X

An Open Letter to a Special Needs Mom

We may earn money or products from the companies mentioned or linked to in this post, including Amazon Affiliate links.

Dear Friend,

Close to 4 years ago our friendship started with a desperate message from you for some help, some guidance, some information, something that would tell you all would be OK with your little girl. You know now that I get those messages a lot. But something in yours was different. You reminded me so much of, well, me. I picked up the phone and we began our friendship.

Through the years I have given you lots of advice for helping your little girl. And in return, you have become a source of information for me as I began uncharted waters with certain treatments. Some days I am sure I offered too much information and you thought, clearly, I must be crazy but most things I have been pretty on target with.So I hope you will trust my advice now.

Lot's of people consider the daisy a weed. I think it is a tough, beautiful reminder that grace often survives in the harshest of environments.

I know you are scared and I know how you feel. And I know that there are very few people who can truly say that they understand your world. I do. I lived it and continue to.
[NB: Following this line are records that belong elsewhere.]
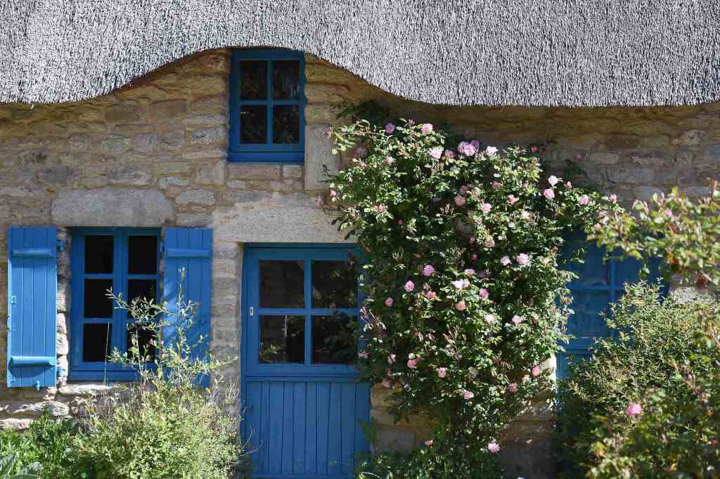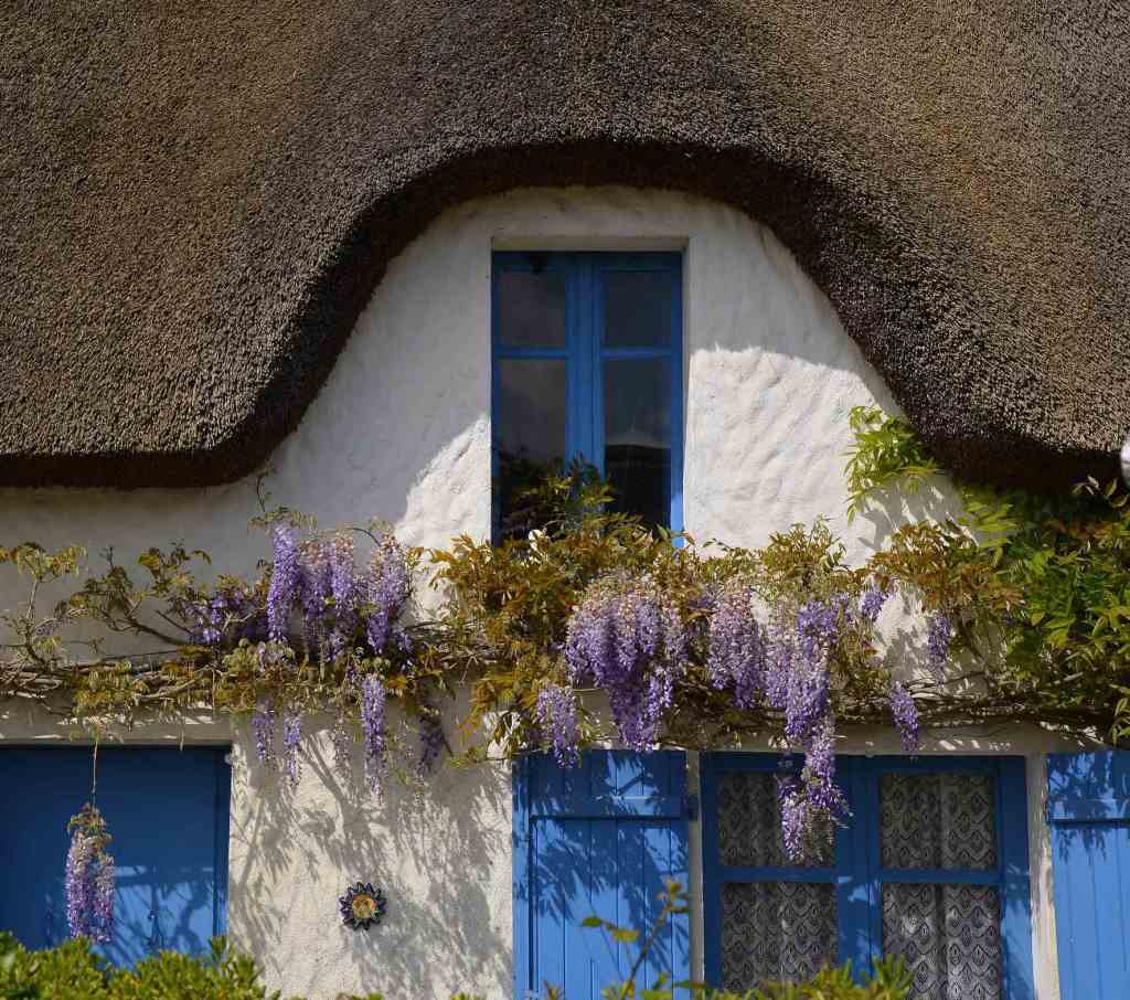 Admirez les chaumières qui sont très en beauté : elles se parent ici d’une belle glycine, là de rosiers exubérants.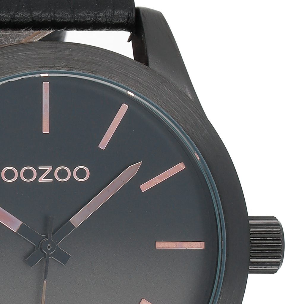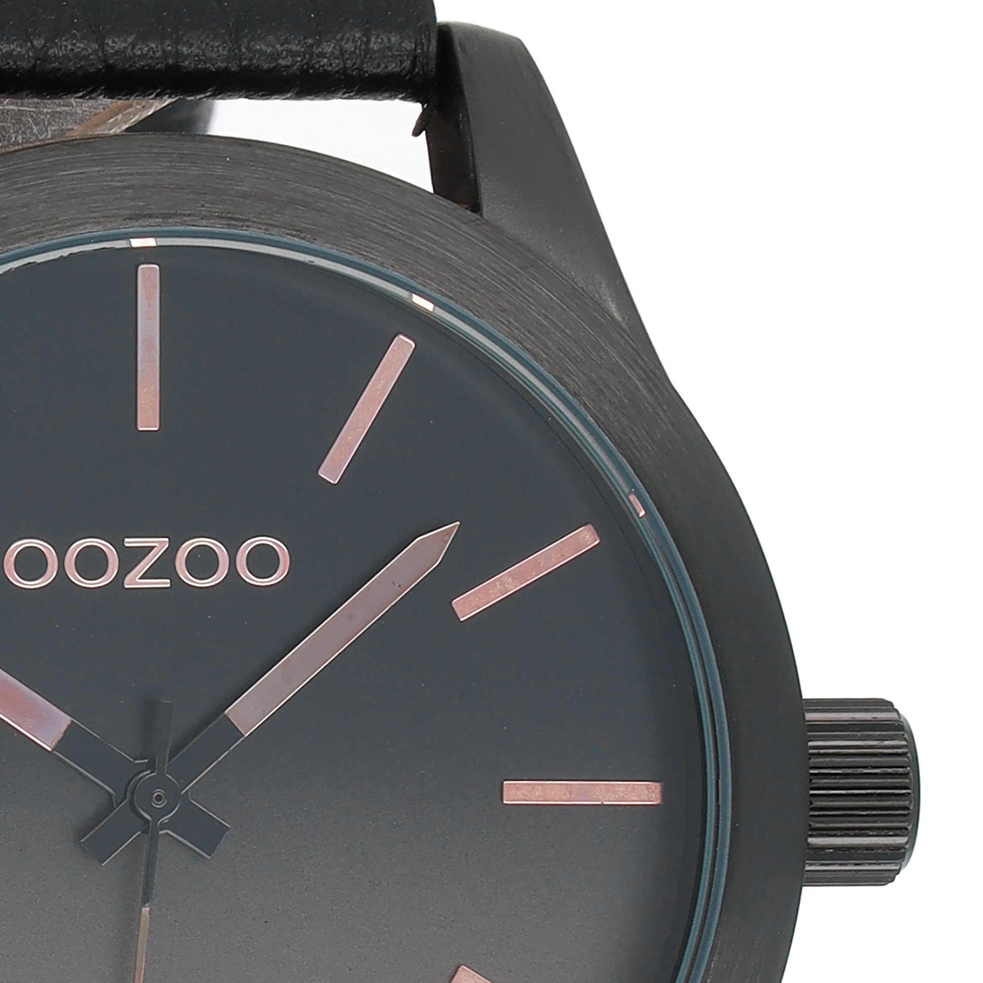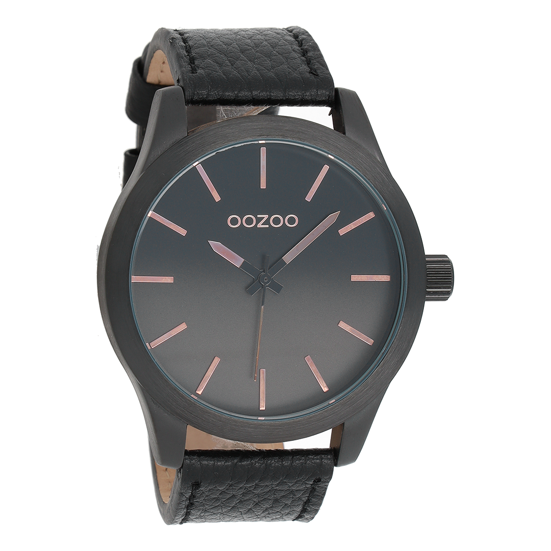 Stand out with this beautiful round gents design from the trendy OOZOO Timepieces collection. The C8558 has a black leather strap and 48 mm black metal watch case. You are making quite the fashion statement with this black dial, rose gold coloured stripes digits and rose gold coloured/black hands. This essential watch for your wardrobe has a mineral glass, stainless steel backplate and is nickel safe. This watch has a 2 Japanese movement and is covered by a 2 year warranty (see section 3 of our Refund, shipping & warranty policy).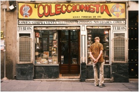 A man window shopping outside a vintage comic store in Madrid, Spain.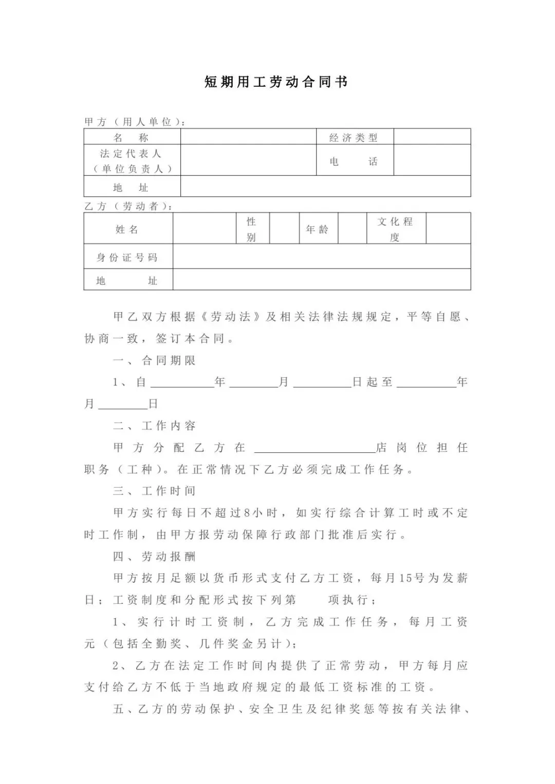 本文分享的是【劳务合同模板】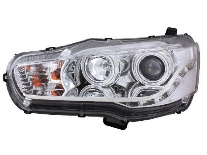 —Mitsubishi Lancer (07-) линзовые передние фары хромированные, со светящимся ободком, в комплекте 2 шт.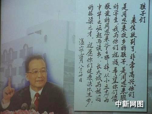 時(shí)隔兩個(gè)多月,讓孩子們激動(dòng)萬(wàn)分的是居然盼到了溫總理的親筆回信。溫總理在回信中說(shuō):“你們是周恩來(lái)故鄉(xiāng)的孩子,是‘周恩來(lái)班’的學(xué)生,我為你們祝福。希望你們像敬愛(ài)的周恩來(lái)爺爺那樣從小立志‘為中華之崛起而讀書’,長(zhǎng)大成為祖國(guó)的棟梁之才。”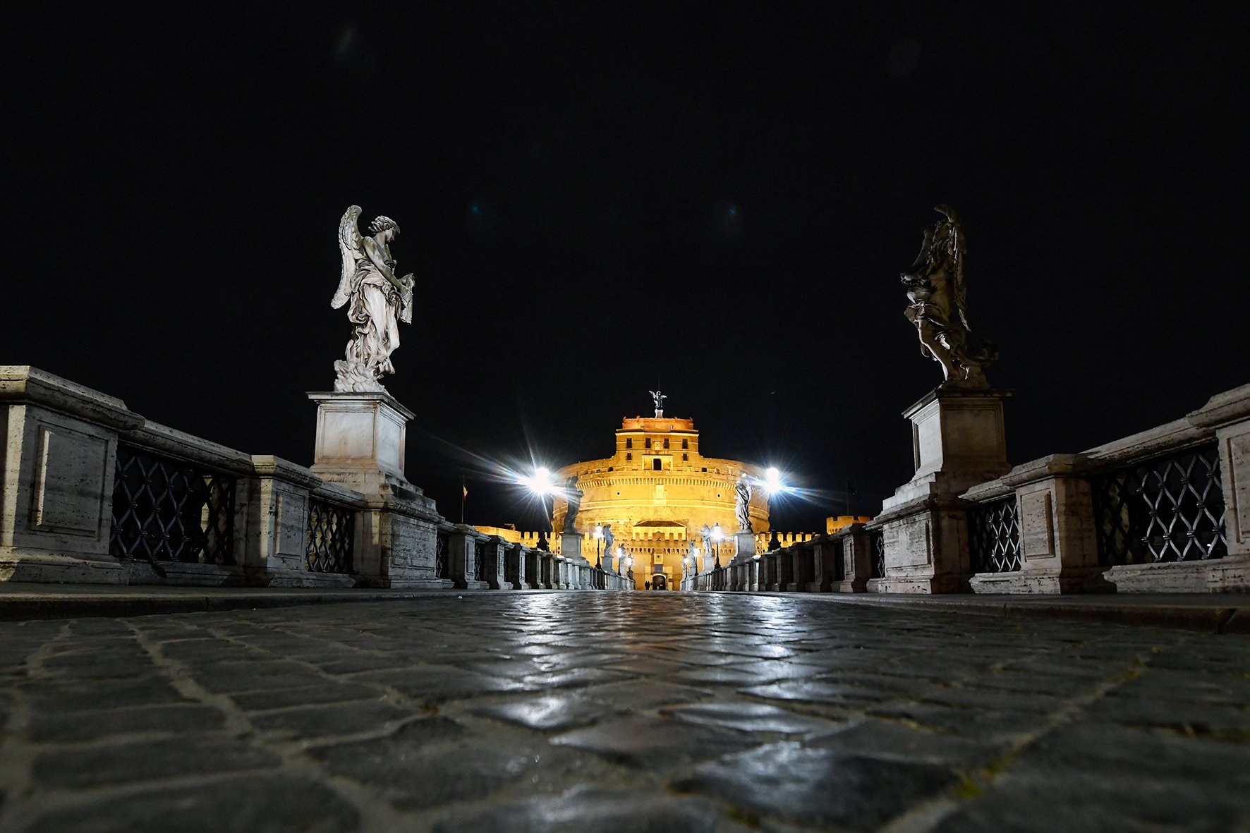 Passando per Ponte Sant’Angelo, ci accoglie lo sguardo austero degli apostoli Pietro e Paolo, santi patroni di Roma. Ai lati ci fanno compagnia nel tragitto, le dieci statue marmoree degli angeli con i simboli della Passione di Cristo in mano. Dall’angolo di via della Conciliazione lo sguardo spazia fino alla piazza vuota del colonnato del Bernini. Al centro l’obelisco in granito rosso si antepone all’austera Basilica di San Pietro, mentre il sole sta ormai tramontando e si cominciano ad accendere le luci. Ci passa accanto un autobus con due passeggeri: forse saranno lavoratori del vicino ospedale che tornano a casa.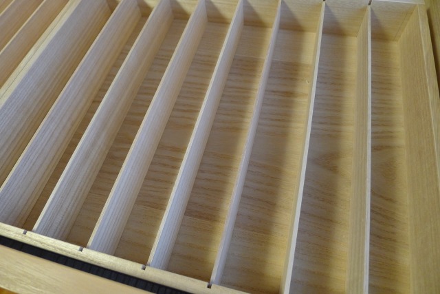 幅の広い大きな光沢のある引出しの底板は、初音の家具のこだわりです。

You are SO much like me when I was in your stage.

So now I have some advice for YOU. Not for your daughter. This is just for you. So listen up because I wish someone had told me this years ago.

In the 3 years of your daughters life you have gained a lot. You have, also, lost a lot. You have cried over the miracle of seeing her walk and you have cried over the disaster of her falling out of her wheelchair. You have beamed at her successes on so many things and locked yourself in the bathroom to quietly cry over her failures. You’ve been to church, you’ve gotten drunk, you have tried to get away and you have tried to hold on tight.

You have done an amazing job. You need to hear that. Everyday with this disability are a million tiny heartbreaks and a hundred little miracles and you have rocked them all. You have gone from being a scared 20 something year old mom into a fearless warrior of ‘fuck you’s’ to many deserving foes.

But while you have gained such strength in being a special needs mom, you have lost YOU. You need to find her again. You need to find a place and a time where you are not known as “someone specials mom”. Because it is so easy to forget who you are when you are constantly labeled as THAT MOM.

Your daughter will grow up. She will get where she needs to be. And yes, she will always need you more than the others will. And that is the point-she will always need you. She needs a mom that is happy and healthy. And it is too easy to neglect yourself now in favor of her needs. In the long run, it doesn’t do either of you good. I know. I am living it.

So I am here to just give you a gentle reminder….take care of you. Because the reality is that you are the glue that keeps all those pieces together. You are the master juggler of all things. You are her warrior. Feed that.